Bigfoot and the IBB may have started the nuclular arms race all over again...

:lol:


----------



## happy1 (Jun 29, 2007)

Give'em hell!!


----------



## elmomac (Jan 6, 2008)

Can't wait to see these! Boom baby!!


----------



## jam (Dec 29, 2007)

doogie dont bite anyone bad


----------



## Paint (Mar 1, 2008)

Thats alot of AC Grenadeer cigars for some lucky botl


----------



## mjohnsoniii (Sep 9, 2007)

Bombs Away!!!


----------



## mhlatke (Oct 13, 2007)

Light up the sky! That is definitely some heavy artillery!


----------



## DOZER (Sep 30, 2007)

I would post a pic of mine but the wife has my camera. One tac-nuke going out tomorrow aimed at a B.O.T.L. that needs to be put in his place. Plus a few more on Tuesday to make my point clear.

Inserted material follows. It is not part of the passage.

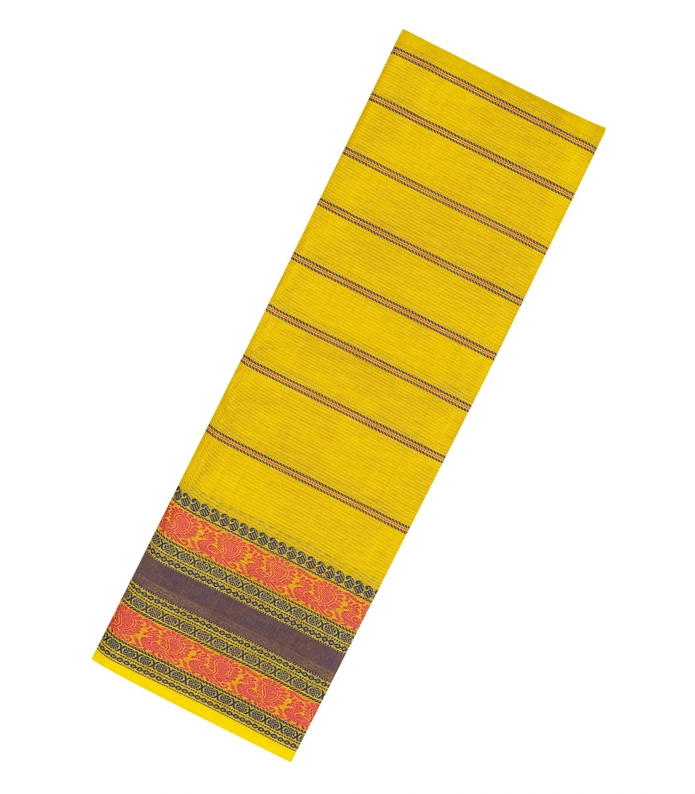 This woven chettinad cotton saree is filled with stripes in lemon yellow body along with border and pallu

The New York Warriors strike back!!!

COME OUT AND PLAY... (we really need an evil grin icon)


----------



## cybervee-cl (Oct 24, 2007)

DOZER said:


> The New York Warriors strike back!!!
> 
> COME OUT AND PLAY... (we really need an evil grin icon)


Now _that's_ a classic movie!

Look out below ...................


----------



## Doogie (Oct 15, 2007)

canney said:


> you could get alot stogies in that drugstore box


Nope normal amout of stogies. I don't have the arsenal that some people on this board have. One must learn to be creative. the big box is part of a multi person hit.


----------



## jbustman (May 11, 2007)

don't let Bush get word of your WMD's or you'll find your face on the next print of bycicle playing cards...


----------



## chubzerous (Jun 9, 2007)

I thought you were retired!


----------



## Doogie (Oct 15, 2007)

I am :errrr: its forgop fault. i was lying low for awhile and then he started talking smack about my NY buddies. i had to rise up. i'm out of boxes right now.:lol:


----------



## wolfdreamtattoo (Mar 6, 2007)

emergency crews are standing by


----------



## Deuce Da Masta (Dec 4, 2006)

that one on the bottom looks like it could be pretty wicked.


----------